Give me your opinions

Edit: Ive narrowed it down to two now


----------



## JStraitiff (Apr 18, 2012)

Truss rod cavity routed


----------



## silent_k (Apr 18, 2012)

JStraitiff said:


> Im going to carve the top so im thinking i need at least a half inch top. Any input on that?



It depends on the depth of your carve, of course, but most tops intended for carving (like LP style) are 3/4" thick, so you may want to seek out something a bit thicker. 1/2 could certainly work but will obviously be more subtle.

And good call on measuring everything carefully whether you get a good printout from Fretfind or not.

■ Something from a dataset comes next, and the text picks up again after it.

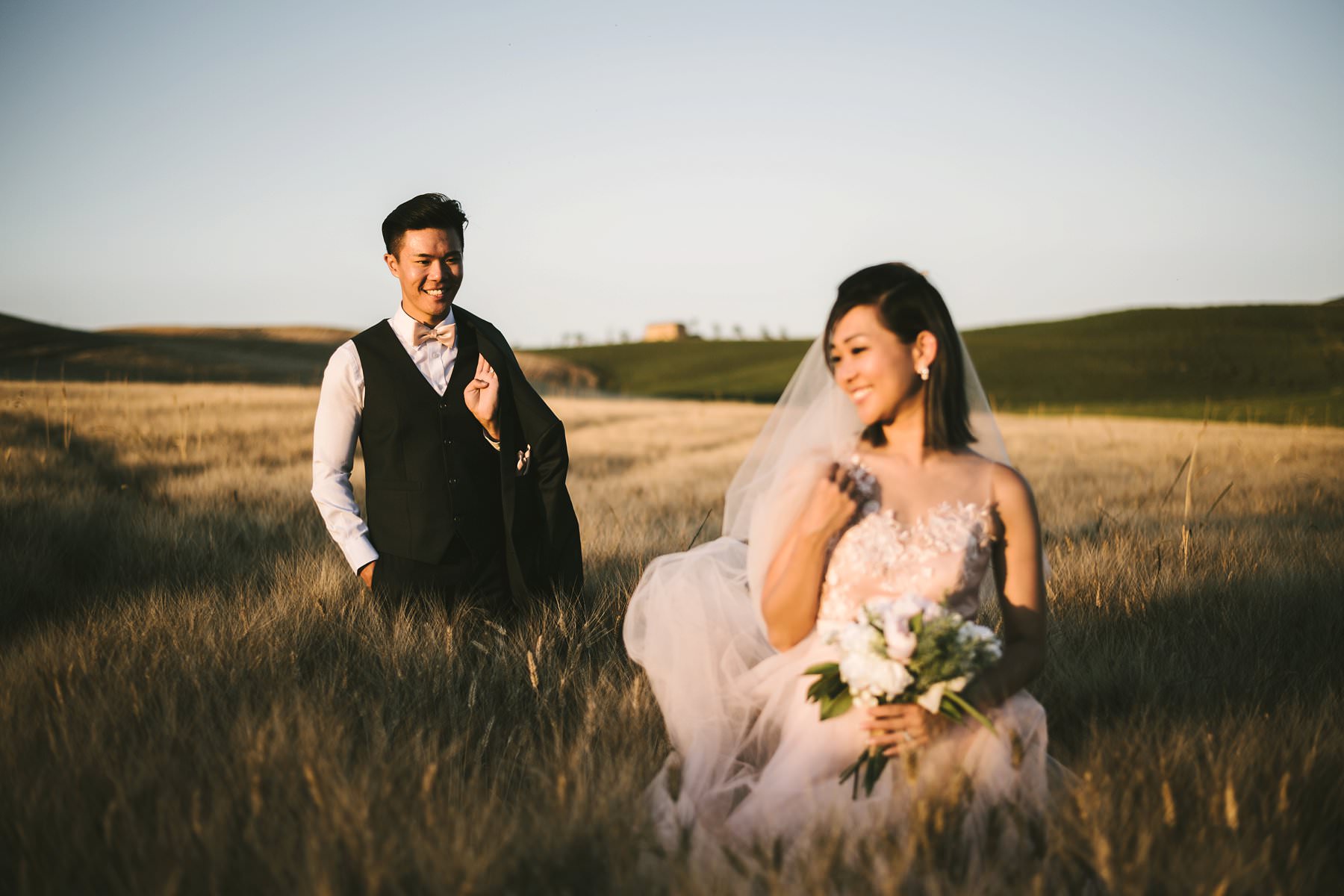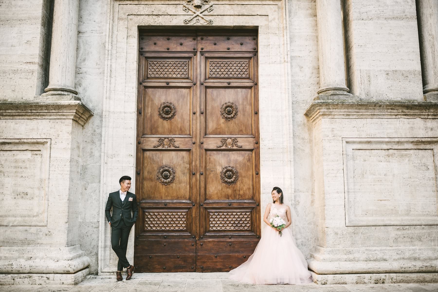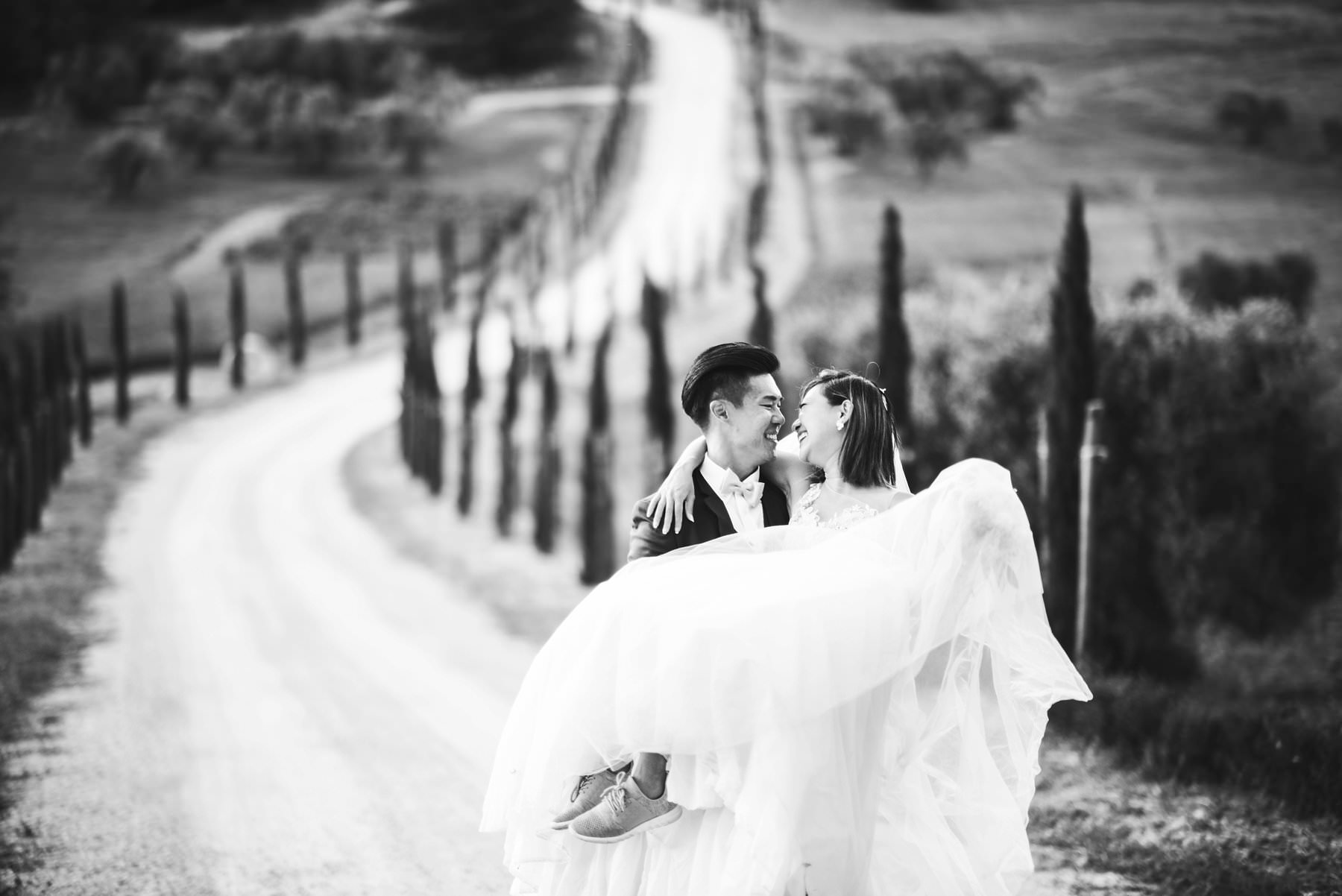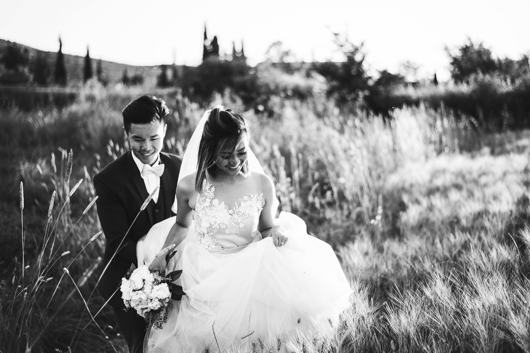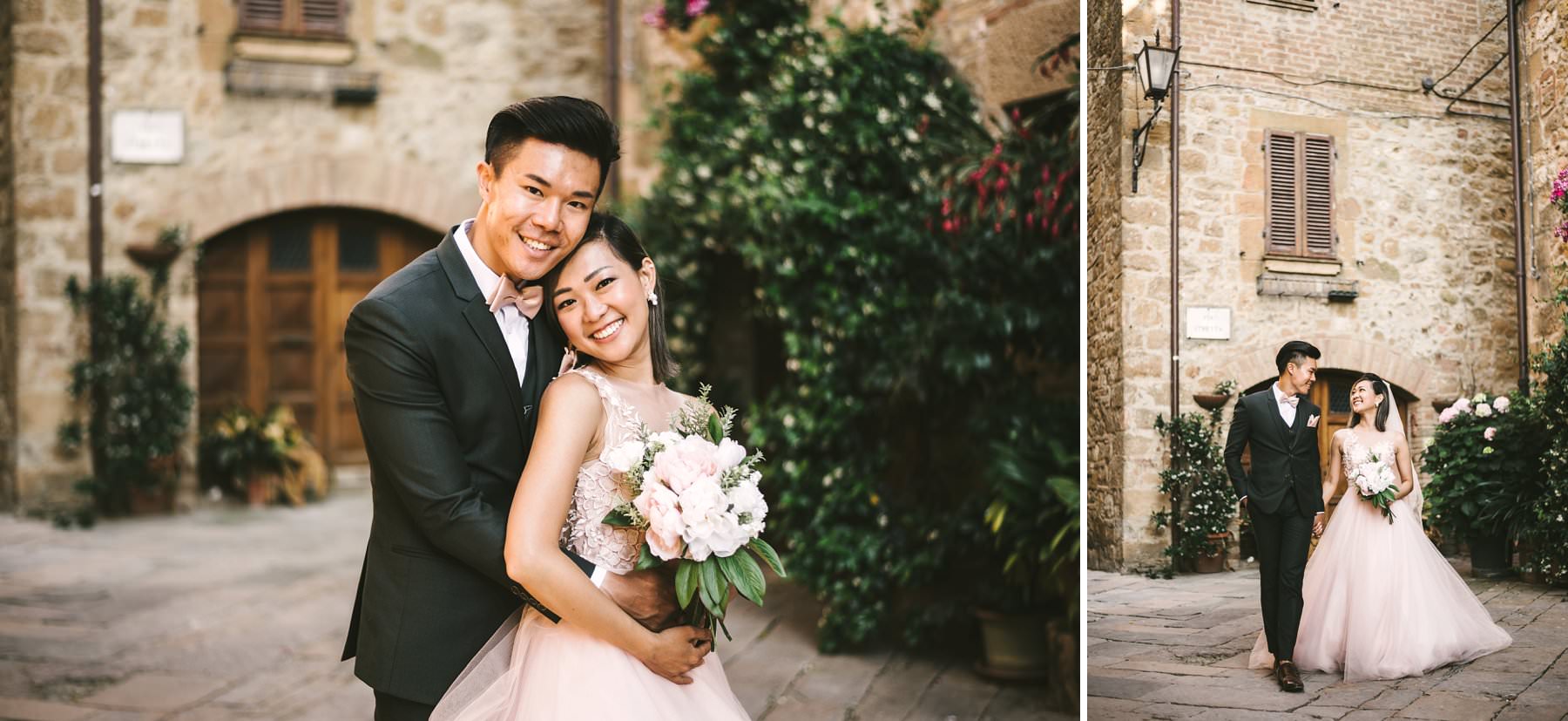 This lovely couple from Singapore chose Italy as their honeymoon destination. They couldn’t go anywhere more romantic! Inspired by the prewedding photo shoot I realized for their friends Melissa and Ray, they decided to have their honeymoon photos taken during their stay in beautiful Tuscany. They even brought their wedding dresses all the way from their home country in order for the pictures to be even more dreamy and charming! The main location of the shooting was Pienza, a small and enchanting hamlet near Siena. It’s known as an ideal Renaissance town and it was the perfect set for chic and elegant honeymoon photos, with its marble churches, brick houses and wooden portals. This delightful place is surrounded by the glorious hills of Val d’Orcia, where we shot some more photos in the warm sunset light. Daphne and Brendon set their love free among the green and golden wheat fields and they will treasure their honeymoon photos forever.

I'm planning to do that as well -- seems like the safest option. Looking good!


----------



## JStraitiff (Apr 18, 2012)

^ Im planning on buying the top wood from here
Quilt carved tops

They have one thats a little over 1/2" then it jumps up to almost a full inch. I dont want that thick of a top so ill get that .57 one. I dont need the carve to be crazy. Im going for that PRS style fake binding and enough carve to add a contour.


----------



## JStraitiff (Apr 30, 2012)

Alright! Ordered up some wood today. I got .57" thick quilted maple for the top, a quilted maple headstock cap, indian rosewood fretboard and a 16" radius block.

I had to get a piece of rosewood cut for a 6 string bass because they didnt have any regular bass ones in stock (which would have been the perfect size). Im obviously not worried about cutting it down but i wish i could have gotten the thinner piece as the site i ordered from will radius it for you except on the 6 string boards lmao. I could have gotten another type of wood but i didnt see anything that appealed to me.

So feel free to expect updates this week!


----------



## JStraitiff (May 6, 2012)

Got my quilted maple top in yesterday. Tomorrow I'm going to get the wings planed to the size I need






I'm going to be posting the minimal number of pics I have to for a few days cause I stuck using my iPad until I get a new power supply for my laptop.


----------



## pondman (May 7, 2012)

Wow ! this is an amazing build . Kudos for it as a first build as well.


----------



## JStraitiff (May 8, 2012)

Okay, really big update. I glued on the wings cut the rough body shape, routed the control/battery cavities and wire channels and glued on the tops. 

And why you're all here - pics:

Neck and wings just after rough body cut





Cavities/channels coming through the wings





Cavities from the back





The tops are still in the clamps so I'll post pics tomorrow after I trim them.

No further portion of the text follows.